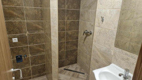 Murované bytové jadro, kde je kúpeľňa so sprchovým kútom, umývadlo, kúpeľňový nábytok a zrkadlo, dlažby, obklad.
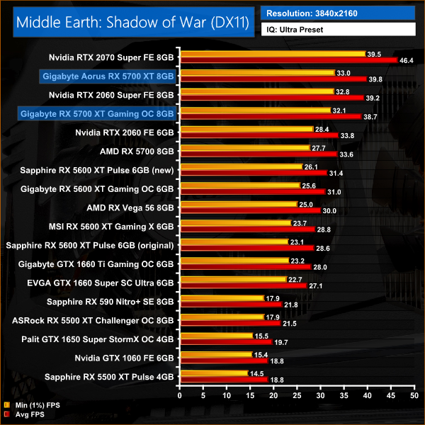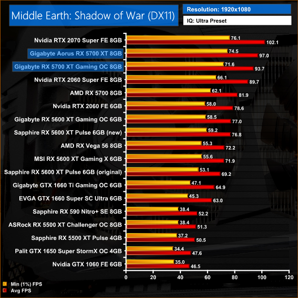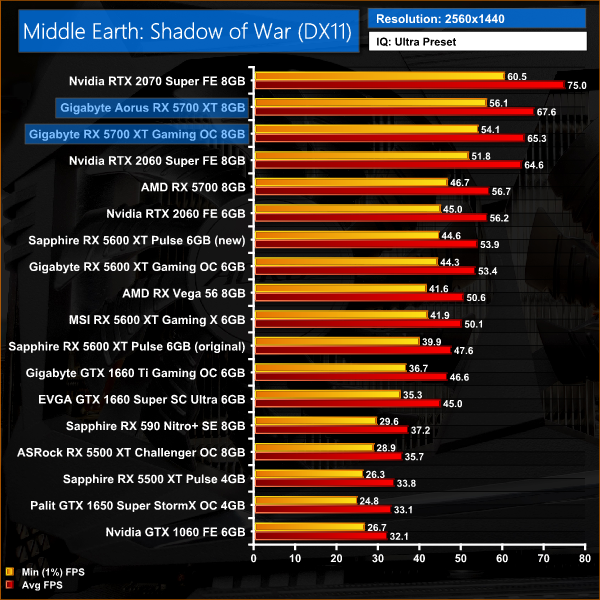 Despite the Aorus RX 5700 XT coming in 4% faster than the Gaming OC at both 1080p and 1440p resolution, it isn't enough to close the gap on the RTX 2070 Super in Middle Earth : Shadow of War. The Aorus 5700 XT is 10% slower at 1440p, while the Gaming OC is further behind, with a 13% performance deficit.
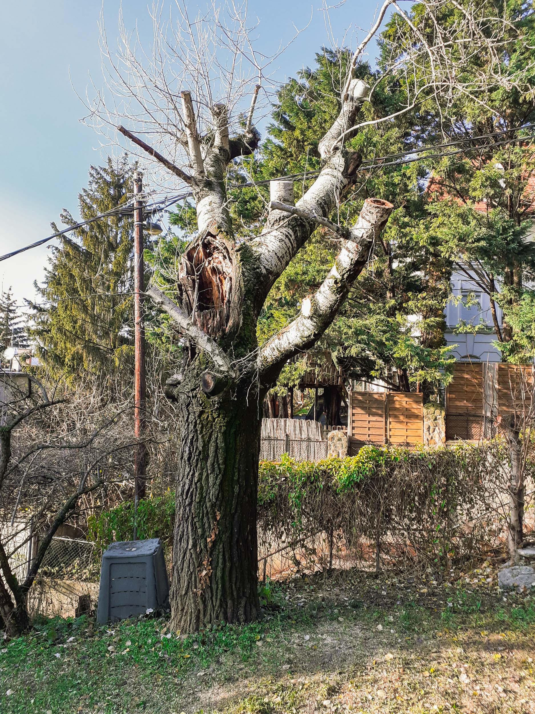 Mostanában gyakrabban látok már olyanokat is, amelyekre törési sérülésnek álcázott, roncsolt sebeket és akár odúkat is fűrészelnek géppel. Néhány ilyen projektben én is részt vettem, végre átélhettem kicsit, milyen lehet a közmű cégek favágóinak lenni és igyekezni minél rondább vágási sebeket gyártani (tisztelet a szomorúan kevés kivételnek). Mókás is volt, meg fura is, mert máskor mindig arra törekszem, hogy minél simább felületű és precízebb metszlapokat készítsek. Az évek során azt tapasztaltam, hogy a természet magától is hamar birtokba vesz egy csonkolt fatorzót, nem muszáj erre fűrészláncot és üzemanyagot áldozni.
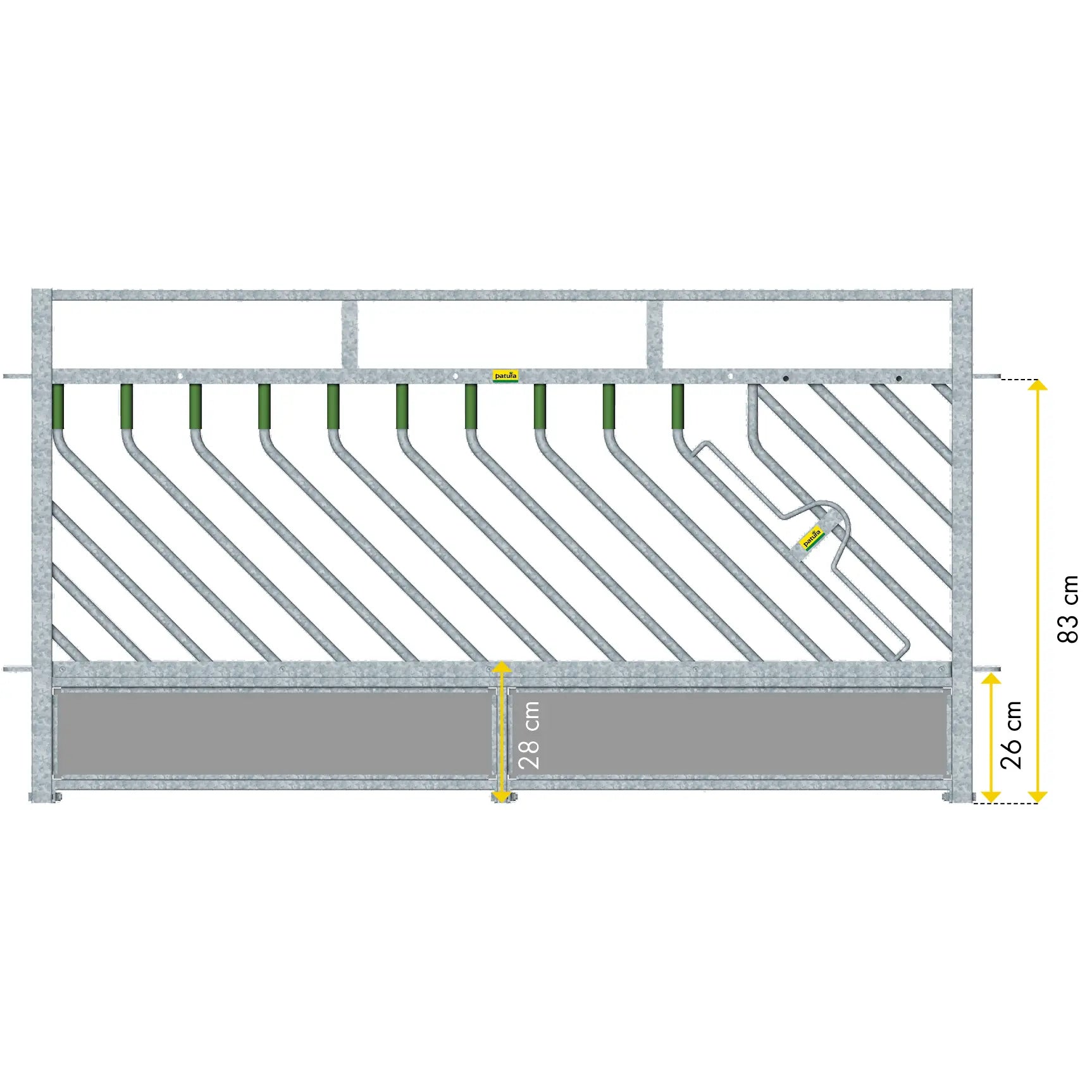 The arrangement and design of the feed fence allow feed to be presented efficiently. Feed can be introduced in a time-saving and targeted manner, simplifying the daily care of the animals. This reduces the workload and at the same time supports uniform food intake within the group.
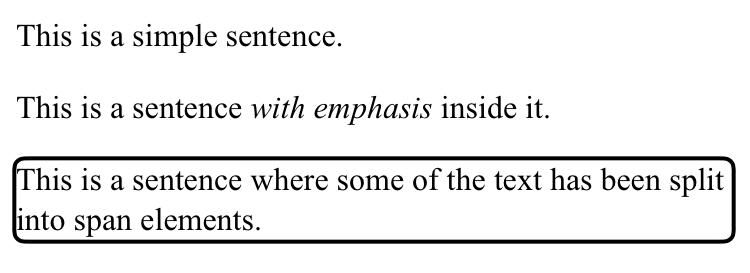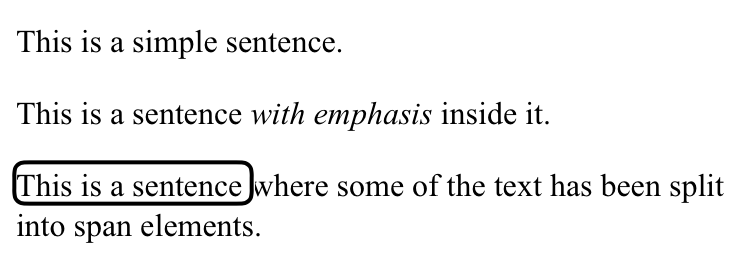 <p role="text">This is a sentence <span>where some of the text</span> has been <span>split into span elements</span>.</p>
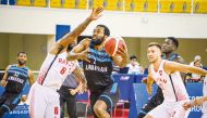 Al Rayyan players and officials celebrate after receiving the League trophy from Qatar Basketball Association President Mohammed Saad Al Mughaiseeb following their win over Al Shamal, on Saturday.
-------------------------
PROBLEM TO WORK ON → What is needed is a word-for-word copy of the lines from the start of the data to the line with "Despite the Aorus", inclusive, with no pictures in it.

THE ANSWER →
 Murované bytové jadro, kde je kúpeľňa so sprchovým kútom, umývadlo, kúpeľňový nábytok a zrkadlo, dlažby, obklad.
 Despite the Aorus RX 5700 XT coming in 4% faster than the Gaming OC at both 1080p and 1440p resolution, it isn't enough to close the gap on the RTX 2070 Super in Middle Earth : Shadow of War. The Aorus 5700 XT is 10% slower at 1440p, while the Gaming OC is further behind, with a 13% performance deficit.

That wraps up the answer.